A custom convergence function must adhere to the input signature:
function(wave, summary, per_param). It processes the data
frames provided and returns a single TRUE or
FALSE.
This example defines convergence as achieving a high Effective Sample Size (ESS) and a minimal reduction in the absolute distance threshold.
# Define a custom convergence function
custom_converged_fn = function(wave, summary, per_param) {
# Extract values from the summary data frame (it's a single row)
current_ess = summary$ESS
abs_dist_redn = summary$abs_distance_redn # Absolute reduction in epsilon
# Define criteria
min_ess_threshold = 500
max_dist_reduction_threshold = 0.001 # Stop if epsilon isn't reducing much
# Check conditions
ess_condition = current_ess >= min_ess_threshold
dist_condition = abs_dist_redn <= max_dist_reduction_threshold
# Return TRUE only if BOTH conditions are met
return(ess_condition && dist_condition)
}
# Example usage (conceptual - requires obsdata, priors, etc. defined)
# smc_result = abc_smc(
# obsdata = test_obsdata,
# priors_list = test_priors,
# sim_fn = example_sim_fn,
# scorer_fn = example_scorer_fn,
# n_sims = 1000,
# acceptance_rate = 0.5,
# converged_fn = custom_converged_fn # Use the custom function
# )This example focuses on the stability of parameter uncertainty, converging when the absolute variance reduction for all parameters is small.

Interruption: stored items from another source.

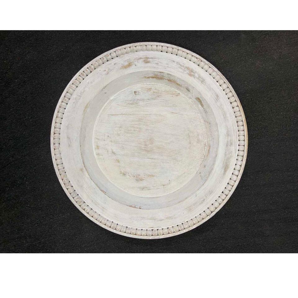 จานรองไม้ประดับลูกปัดสีขาวทำมือ | แผ่นรองจานทรงกลมสไตล์วินเทจ ทำจากไม้เคลือบผิวแบบโบราณ สำหรับโรงแรมและร้านอาหาร
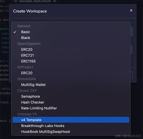 如果您想在文件浏览器中加载此模版,点击弹出菜单并选择创建。您将会在Uniswap V4的部分看到它。
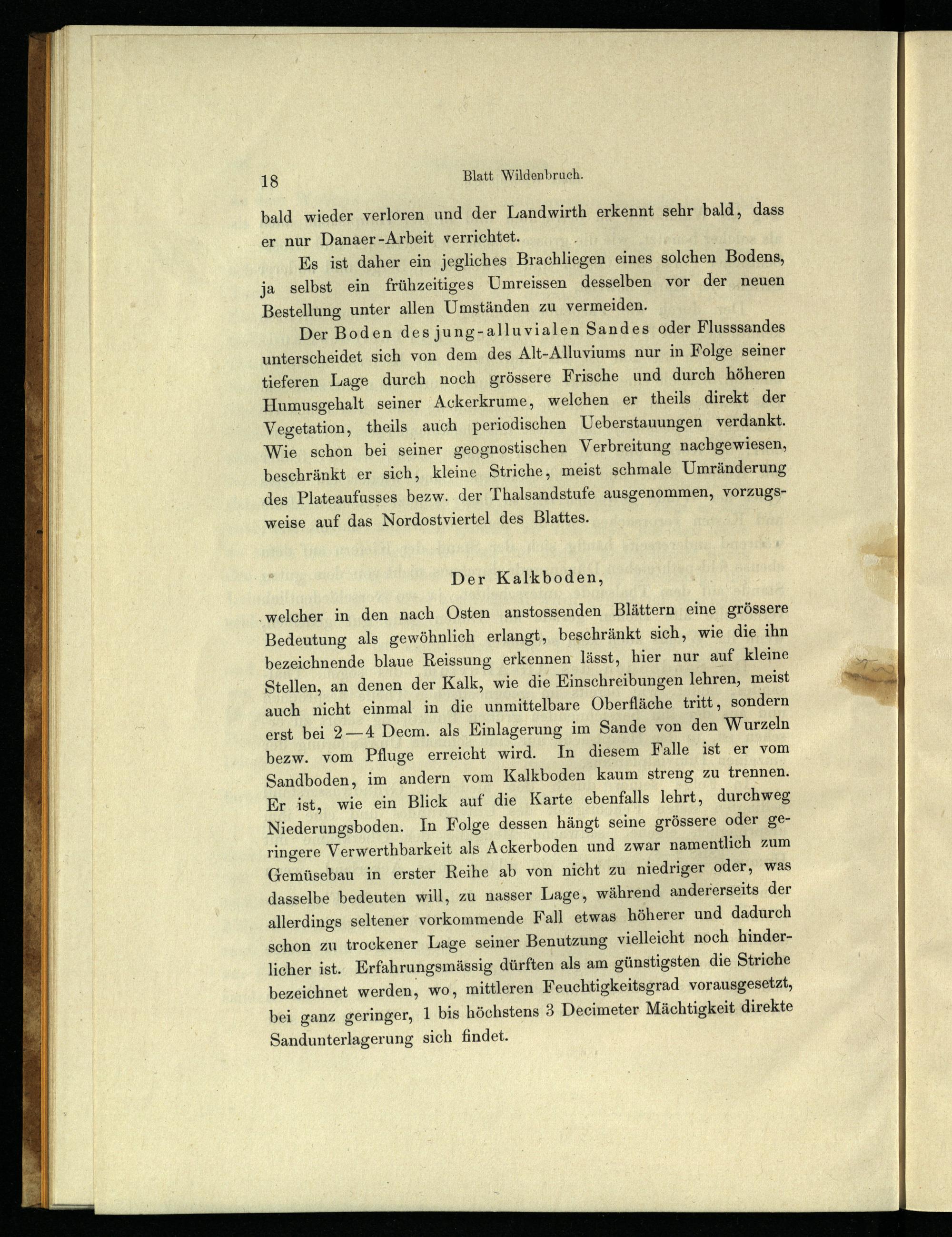 ‚welcher in den nach Osten anstossenden Blättern eine grössere Bedeutung als gewöhnlich erlangt, beschränkt sich, wie die ihn bezeichnende blaue Reissung erkennen lässt, hier nur auf kleine Stellen, an denen der Kalk, wie die Einschreibungen lehren, meist auch nicht einmal in die unmittelbare Oberfläche tritt, sondern erst bei 2—4 Decm. als Einlagerung im Sande von den Wurzeln bezw. vom Pfluge erreicht wird. In diesem Falle ist er vom Sandboden, im andern vom Kalkboden kaum streng zu trennen. Er ist, wie ein Blick auf die Karte ebenfalls lehrt, durchweg Niederungsboden. In Folge dessen hängt seine grössere oder geringere Verwerthbarkeit als Ackerboden und zwar namentlich zum Gemüsebau in erster Reihe ab von nicht zu niedriger oder, was dasselbe bedeuten will, zu nasser Lage, während andererseits der allerdings seltener vorkommende Fall etwas höherer und dadurch schon zu trockener Lage seiner Benutzung vielleicht noch hinderlicher ist. Erfahrungsmässig dürften als am günstigsten die Striche bezeichnet werden, wo, mittleren Feuchtigkeitsgrad vorausgesetzt, bei ganz geringer, 1 bis höchstens 3 Deeimeter Mächtigkeit direkte
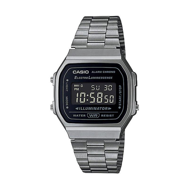 El Casio A-168WGG-1B es un reloj digital unisex de estilo retro con presencia audaz. Su caja rectangular en tono gris grafito mate y carátula negra espejada le dan un look moderno con inspiración vintage. La correa de acero inoxidable a juego refuerza su estética monocromática. Incluye cronómetro, alarma, calendario automático y luz LED. Ideal para el uso diario o para quienes buscan un accesorio distintivo con actitud urbana.
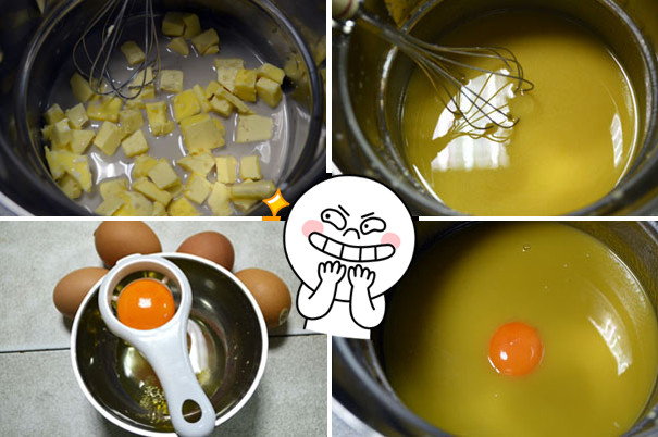 與材料均勻混合 奶油融化 將蛋白蛋黃分離
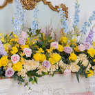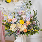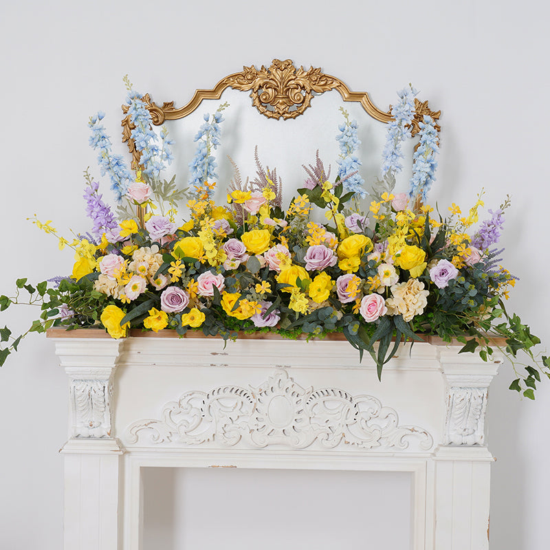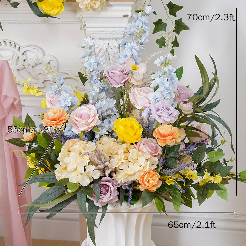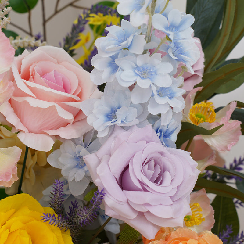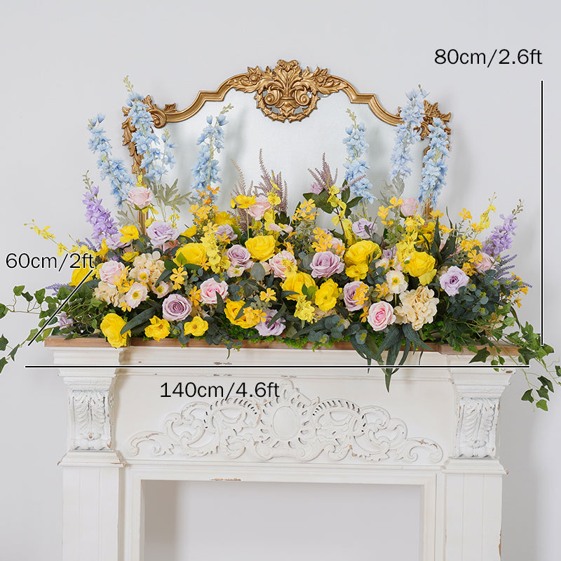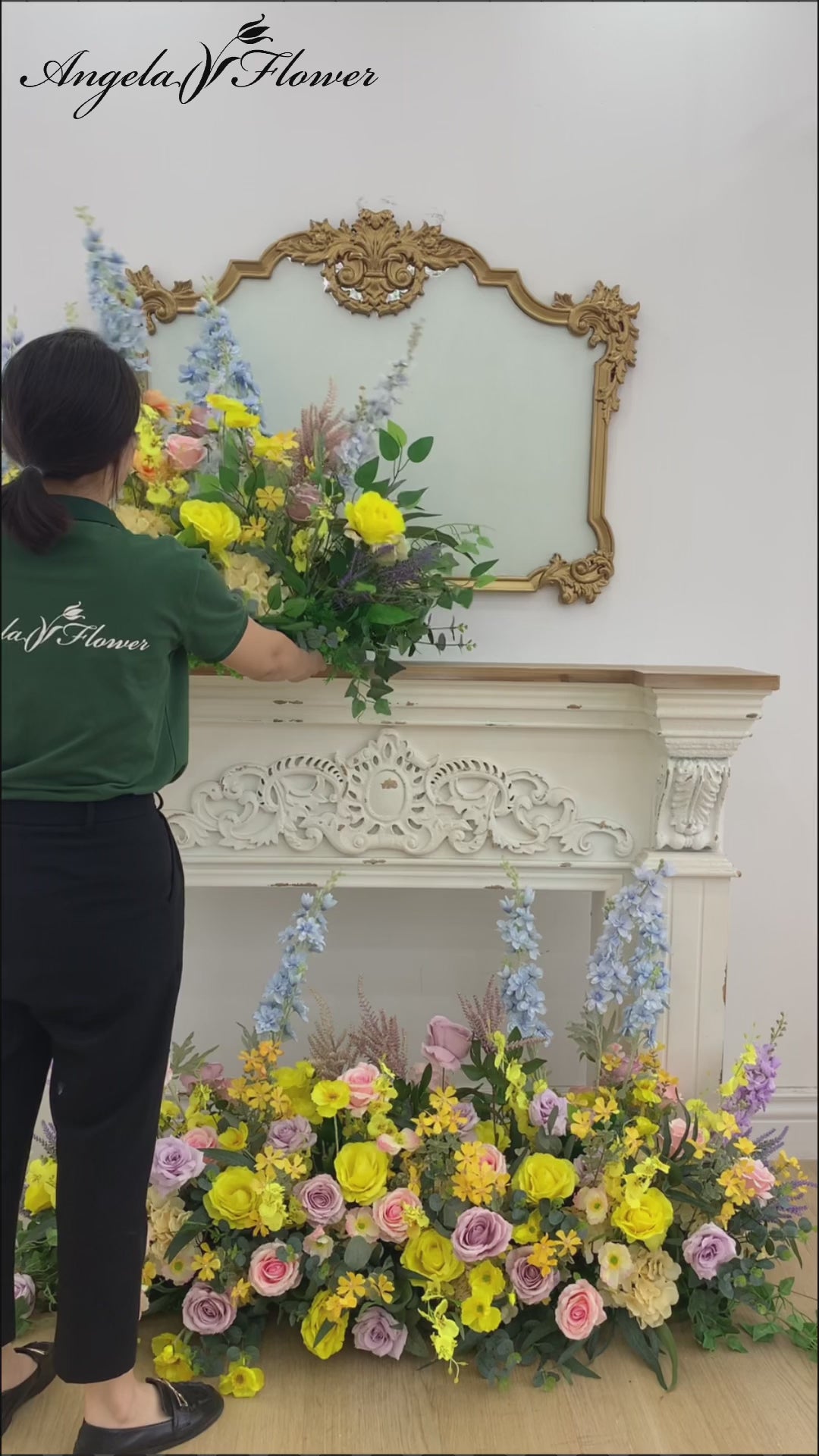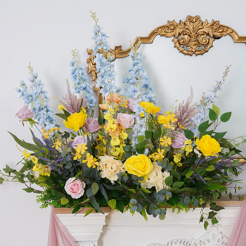 A8196 Yellow Purple Hyacinth Rose Green Leaves Floral Arrangement Wedding Backdrop
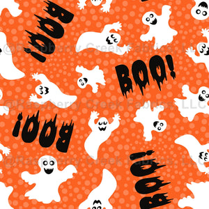 Boo! Spooky White Ghosts on Orange
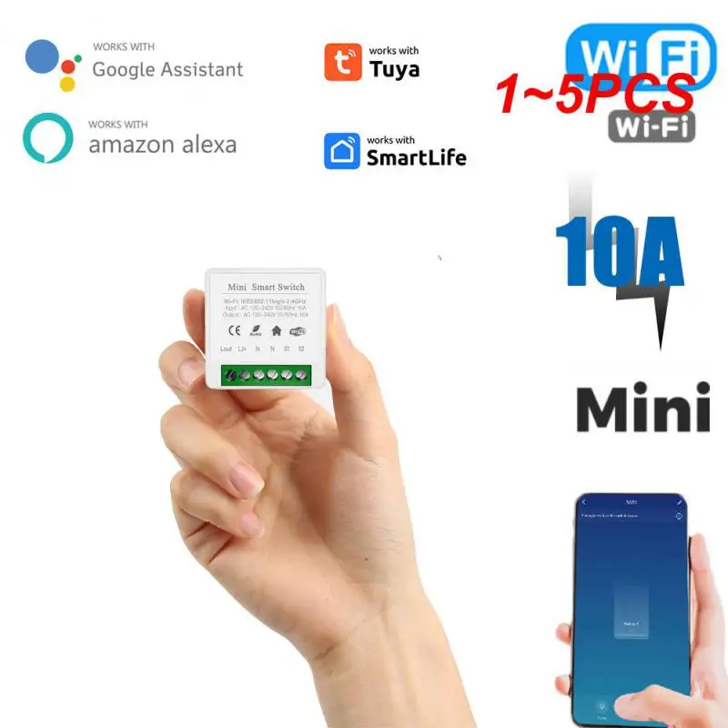Comprar Mini interruptor de luz inteligente con Wifi, Control de sincronización de 2 vías, módulo de automatización, aplicación para Alexa Home, Tuya, 16A, 1 a 5 unidades
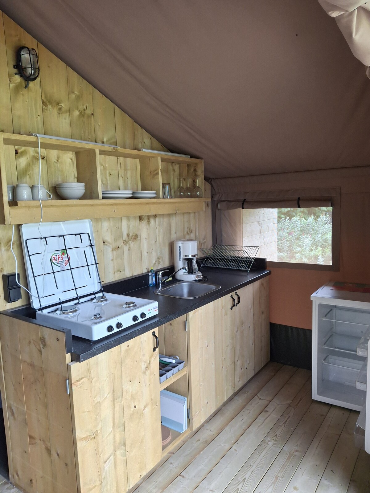 Ez az egyedi szafarisátor teljesen fel van szerelve a tökéletes glampingnyaraláshoz! A sátor hangulatos verandával és napellenzővel, teljesen felszerelt konyhával és két alvófülkével rendelkezik.
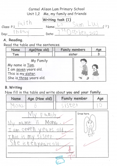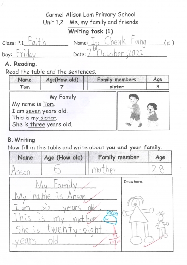 小一及小二家課
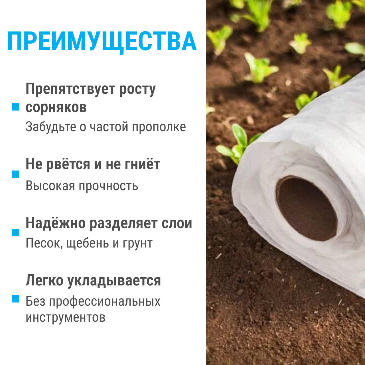 Нетканое полиэфирное полотно — прочный и долговечный материал, который идеально подходит для дачных, ландшафтных и строительных работ, используется как укрывной материал для грядок.
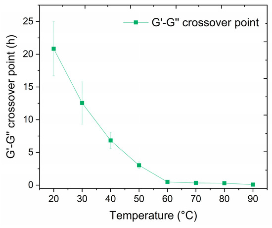 Variation in the storage (G′) and loss (G″) moduli crossover point as a function of the cross-linking temperature.
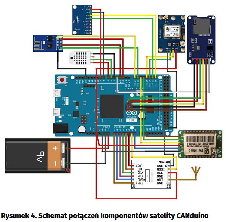 Kiedy lutowanie jest skończone, możemy rozpocząć montaż. Pierwszą czynnością powinno być przykręcenie włącznika zasilania do obudowy oraz przymocowanie modułu CC1000PP do głównego „mostu” w obudowie za pomocą opaski zaciskowej oraz wypuszczenia przewodu tworzącego antenę przez otwór obok wyłącznika. Moduł CC1000PP montujemy przed komputerem, ponieważ później dostęp do otworów na pasek zaciskowy będzie utrudniony. Kolejnym etapem jest przygotowanie plastikowych słupków dystansowych do mocowania płyty komputera. Należy usunąć dwa boczne listki kołka, aby zatrzask prawidłowo mógł zatrzasnąć się w głównym moście obudowy. Przygotowane 4 kołki wkładamy w otwory na moście głównym i na nich zatrzaskujemy komputer pokładowy. Teraz możemy na próbę dołączyć baterię i zamknąć obudowę, aby sprawdzić czy wszystko pasuje. Taki zestaw możemy również podłączyć już do komputera. Warto sprawdzić czy kabel micro USB daje się podłączyć do płytki Arduino. Jeśli jest zbyt szeroki, za pomocą noża, należy nieco usunąć plastikowej izolacji złącza micro USB na kablu. Prawidłowo dopasowany kabel podłączony do CANduino (w Due do złącza środkowego) i do komputera powinien spowodować wykrycie przez komputer nowego urządzenia. Kompletnego, zmontowanego satelitę CANduino pokazano na fotografii 3, a schemat połączeniowy jego komponentów na rysunku 4.
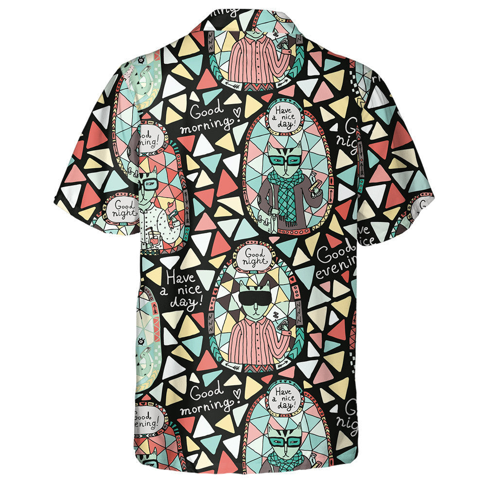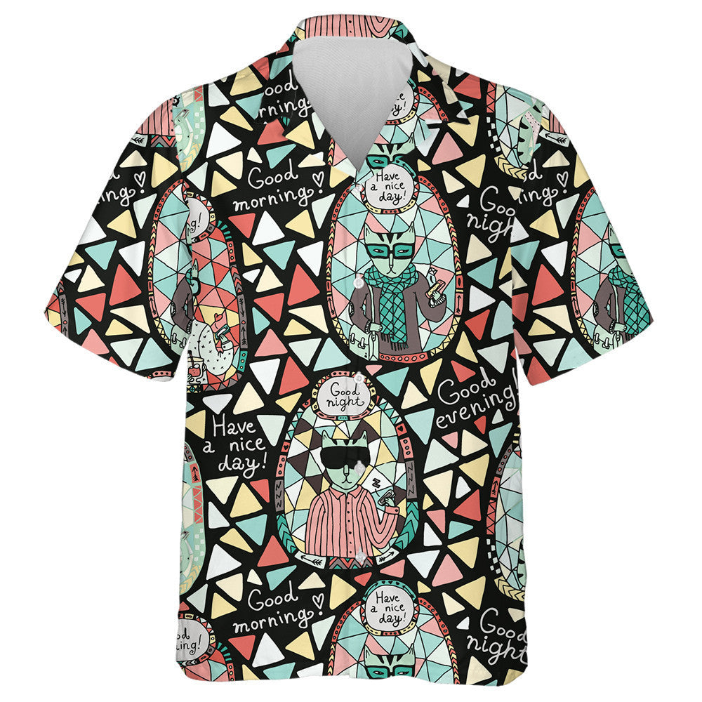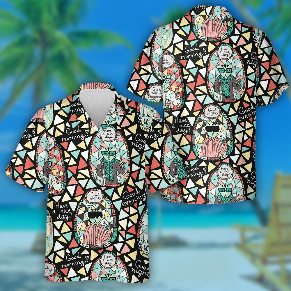 Cat gleoite i Stíl Hipster ar Léine Haváí Mósáic ildaite, Bronntanas Léine Haváís, Bronntanas Nollag
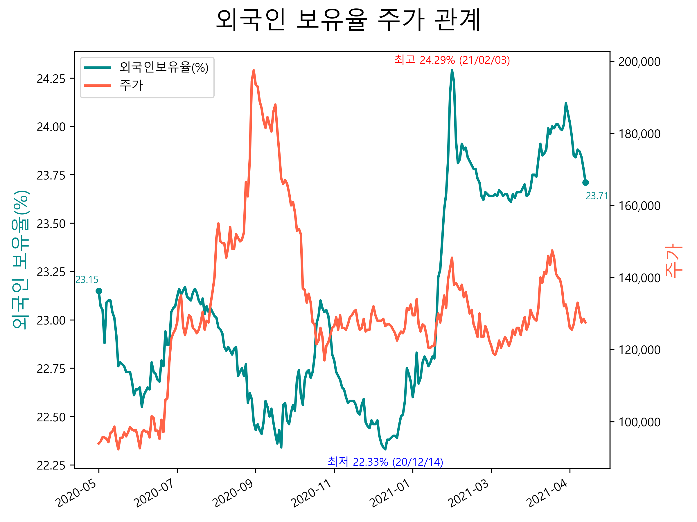최근 1년간 외국인 보유율 및 주가와의 관계입니다.
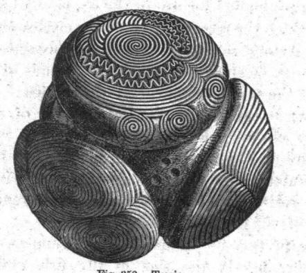 Foto z otevřených zdrojů Většina kamenů má stejný průměr – 70 milimetrů, s výjimkou několika větších, jejichž průměr dosahuje 114 milimetrů. Množství vyboulení na kamenech se pohybuje od 4 do 33 na povrchu některé mají spirálové a diskoidní vzorce. Neméně v Aberdeenshire byl nalezen zajímavý kámen, jeho průměr asi tři palce (asi osm centimetrů). Na to tři vyražené kulaté „čepice“ jsou vyřezány spirálové vzory podobné symbolům. Bylo to vytvořeno mezi 2500 a 1900 let před naším letopočtem. Geometrie předků pět kameny muzea Ashmol byly předtím v soukromé sbírce Britský archeolog, průkopník starověké minojské civilizace Sir John Evans, který věřil, že je lze použít jako náboje pro staré házení zbraní. Nicméně je to tak vysvětlení se nezdá pravdivé, protože na kamenech nejsou žádné kameny poškození, ke kterému by nutně došlo, kdyby byly použity během vojenských potyček. Ano, a samotný tvar kamenů, jejich složitost výroba naznačuje, že se snaží tak tvrdě, takže mušle, zbytečné.
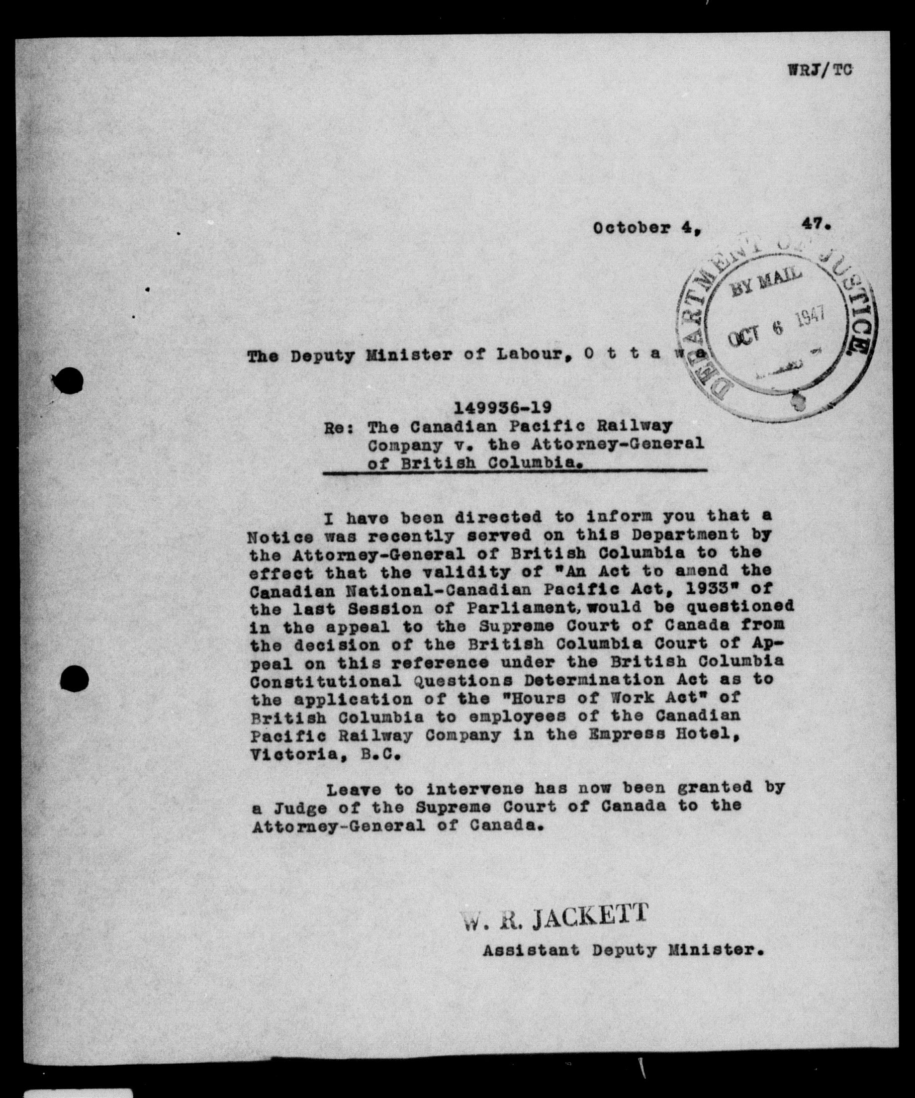 Department of Justice - Legal opinions and material of precedential value (1863-1963) - 10323

# Define a custom convergence function based on variance reduction
custom_converged_fn_variance = function(wave, summary, per_param) {
# Extract the 'abs_variance_redn' column from the per_param data frame
abs_variance_reductions = per_param$abs_variance_redn
# Define a threshold for variance reduction
variance_reduction_threshold = 0.0001
# Check if ALL absolute variance reductions are below the threshold
all_stable <- all(abs_variance_reductions < variance_reduction_threshold)
return(all_stable)
}
# Example usage (conceptual)
# smc_result = abc_smc(
# obsdata = test_obsdata,
# priors_list = test_priors,
# sim_fn = example_sim_fn,
# scorer_fn = example_scorer_fn,
# n_sims = 1000,
# acceptance_rate = 0.5,
# converged_fn = custom_converged_fn_variance
# )summary and per_param are data frames. Access
columns using $ (e.g., summary$ESS,
per_param$rel_mean_change).per_param data frame
has one row per parameter. Use functions like all(),
any(), or max() on the relevant column to
combine information across parameters for a single logical output.browser(): You can get a better feel
for the statistics available by running an interactive browser from
within a convergence function while testing. —Understanding the precise structure and purpose of
sim_fn, scorer_fn, and
converged_fn is important for effectively using
tidyabc. The simulation function generates data, the
scoring function quantifies similarity, and the convergence function
determines when the iterative process halts. By carefully specifying
these functions, you can tailor the ABC workflow to your model and
inference goals.